You didn't mention you are logging in remotely. Which ssh client are you using and what does `env` print when executed locally @server.localnetwork?


----------



## SirDice (Sep 29, 2021)

T-Daemon said:


> Small typo there, name is separated by underscore: ~/.login_conf.


Yes, I think I got confused with /etc/login.conf, muscle memory took over from there.


----------



## varda (Sep 30, 2021)

Gentlemen, thanks, your tips was helpful.

There was OpenSSH 8.8 on that box which it owner installed by hand himself, may be for test interest. It requires enabled `PermitUserEnvironment` in sshd_config and list variables which wanted to be exposed in users ~/.ssh/environment.  Then everything works as expected. I do not know why and how it aware about to set environment but version of sshd(8) supplied with FreeBSD works out of the box. 

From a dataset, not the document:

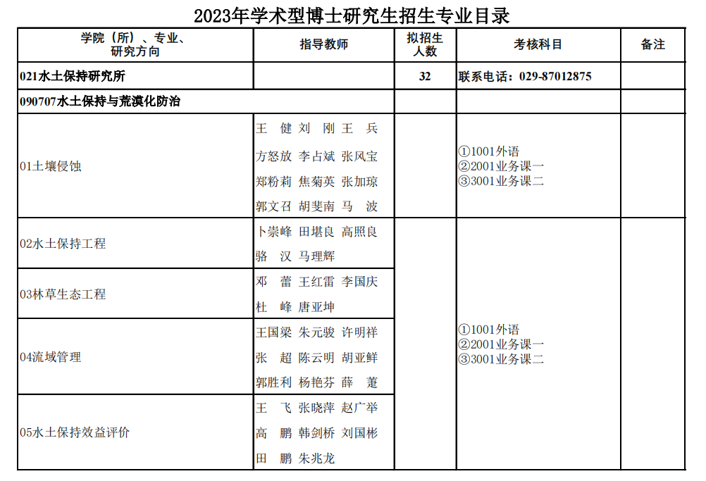 新祥旭考研:西北农林科技大学23年水土保持研究所博士研究生招生专业目录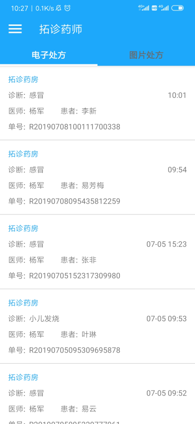 拓诊药师APP主要功能:药剂师注册,电子签名,平台审核,药剂师登录查看电子处方和纸质处方照片,判定审核结果,审核确认时需要药剂师人脸认证。所有处方审核都有药剂师审核痕迹,数据全程可追溯,系统自动统计药剂师本人审核的处方数目。

If there is someone more experienced and can clarify how works or patched version in FreeBSD.

Thank You.


----------



## SirDice (Sep 30, 2021)

varda said:


> There was OpenSSH 8.8 on that box which it owner installed by hand himself, may be for test interest.


Then all bets are off. Not much we can help you with, it's non-standard, not part of the base. There's not even a port for it yet (security/openssh-portable is still on 8.7).


----------



## teo (Oct 1, 2021)

SirDice said:


> The variable is LC_ALL not lc_all, you don't set it like that in login.conf. Remove that line from login.conf. You only need to set `lang` and `charset` correctly. Also check if you don't have any locale settings in ~/.cshrc or a user ~/.login.conf that might override it.


Does the locale setting in ~/.cshrc or a user ~/.login.conf override the LC_ALL variable setting?


----------